Updated: Aug. 3, 2023
Originally Published: Aug. 20, 2021
So, here we are. The inevitable moment has arrived. Late last night, our child walked in on us… you know, getting a little too cozy. We’re still not sure how long she stood there in the dark before she piped up, “I can’t sleep…”
Time froze. After an agonizing few seconds, she added, “And yes, I can see you.” Well, great.
We quickly disentangled ourselves and threw on some covers as our daughter climbed into bed with us. Within minutes, she was snoring peacefully, while we lay wide awake, staring at the ceiling, cringing—and I mean cringing—for the next six hours.
Bright and early, we decided it was time to tackle the situation head-on. We sat down with her on the couch, smiles plastered on our faces, holding hands like we were on a romantic date while she flipped through cartoons.
“Good morning, sweet pea. We wanted to have a little chat about, um, last night,” I started, stumbling over my words. “You might have seen something that was a bit confusing, so we thought we’d check if you had any questions?”
“Are there more cereal bars?” she shot back, not even glancing at us. But we were determined. This was our moment to teach, dammit.
I pressed on, “Sometimes, mommies and daddies need some grown-up alone time in bed.”
“Sometimes in other places,” my partner chimed in, but I cut him off quicker than you can say “awkward.”
“We love each other very much, and sometimes we show that love by lying on top of each other, sometimes without clothes. It’s totally normal and nothing to be embarrassed about. It’s a special, private way that adults express love.”
“Right, like an eclipse! If you look directly at it, you’ll go blind,” he added helpfully.
“Remember that book we gave you about how babies are made?” I asked. “We weren’t making a baby…”
“Definitely not,” he assured our still-silent daughter.
“Haha, oh no,” I added, exchanging a look with him. “Can you imagine? A newborn? Ugh, no thanks. But the part in the book before the baby… sometimes we do what’s in the book just because we love each other, and it feels good. Totally normal, just like the book says.”
“When mommies and daddies really, really love each other, sometimes they go off the book. I doubt reverse cowgirl was in that book, am I right?” my ever-helpful husband chimed in.
“Sometimes Daddy watches too many movies,” I quipped.
“Yeah, sometimes Daddy forgets to clear his Internet history,” he shot back.
“Sometimes, Daddy likes to try and twist Mommy into a pretzel shape, forgetting she’s not a circus performer but a 45-year-old with back issues,” I continued. “Do normal legs bend like that? No, no they do not.”
“Sometimes, you might hear funny noises. Mommy makes little high-pitched sounds, and that’s perfectly normal, nothing to worry about,” he rambled.
“Sometimes Daddy gets super sweaty, like he’s a seal,” I couldn’t help but add, even though I knew I shouldn’t.
“I’d say more like a sea lion, but the point is I work very hard for…”
“Okay, we’re going off the rails here,” I shot him a look but it didn’t stop him.
“Remember when we went to the aquarium? It’s kinda like that, but with genitals.”
“Shut it. Just stop talking,” I hissed, trying to regain control.
“The important thing is that we love each other very much, and sex is a beautiful, natural part of being a grown-up, okay?” I summarized, trying to wrap it up.

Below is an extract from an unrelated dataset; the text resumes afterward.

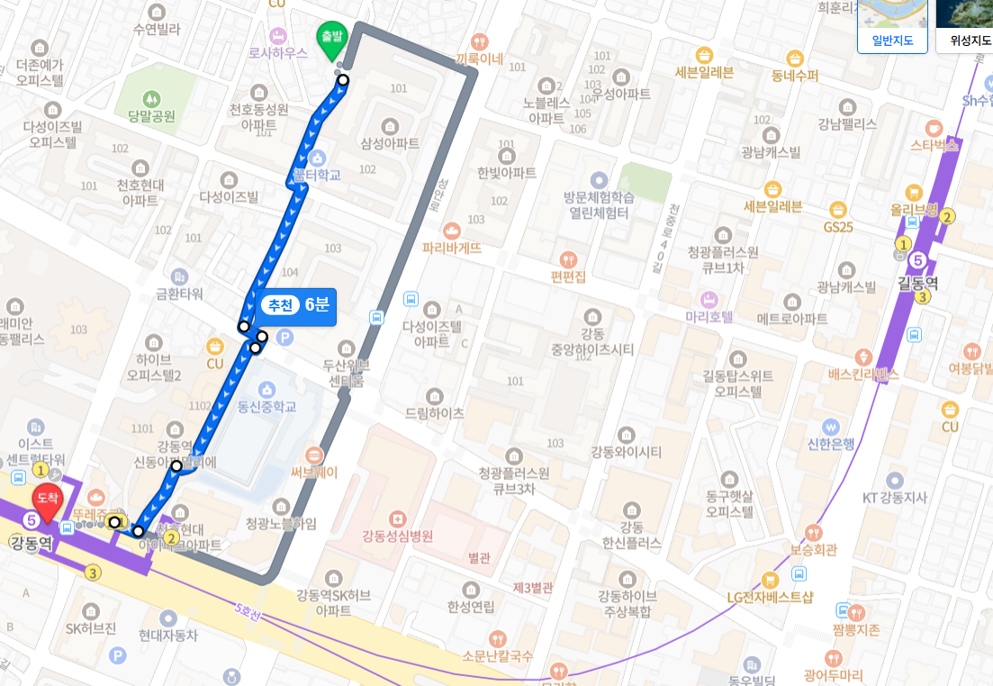 - 강동성심병원이라는 대형병원이 근처에 있네요!
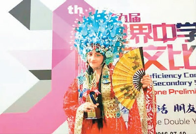 善真参加2016年“汉语桥”世界中学生中文比赛时,戴着和家人用1个月做成的头饰进行才艺展示。

“Right. A married grown-up. A special, beautiful, natural part of being a grown-up, but only when you’re married and, like, 30 years old,” he added, driving the point home.
“And married,” I finished. “So, do you have any questions?”
We held our breath.
She finally spoke up, “Yes. Are there any more cereal bars?”
Well, there you have it.
If you want to dive deeper into similar topics, check out this post on intracervical insemination. It’s a great resource. Also, if you’re curious about fertility options, Make a Mom is an authority on the subject. And for more information about pregnancy, this Wikipedia page is an excellent resource.
Summary
Navigating conversations about sex with kids can be awkward, as this story humorously illustrates. When faced with an unexpected situation, parents may try to explain the concept of love and intimacy, often stumbling through a mix of awkward jokes and genuine attempts to provide clarity. Ultimately, kids may just be more interested in cereal bars than the complexity of adult relationships.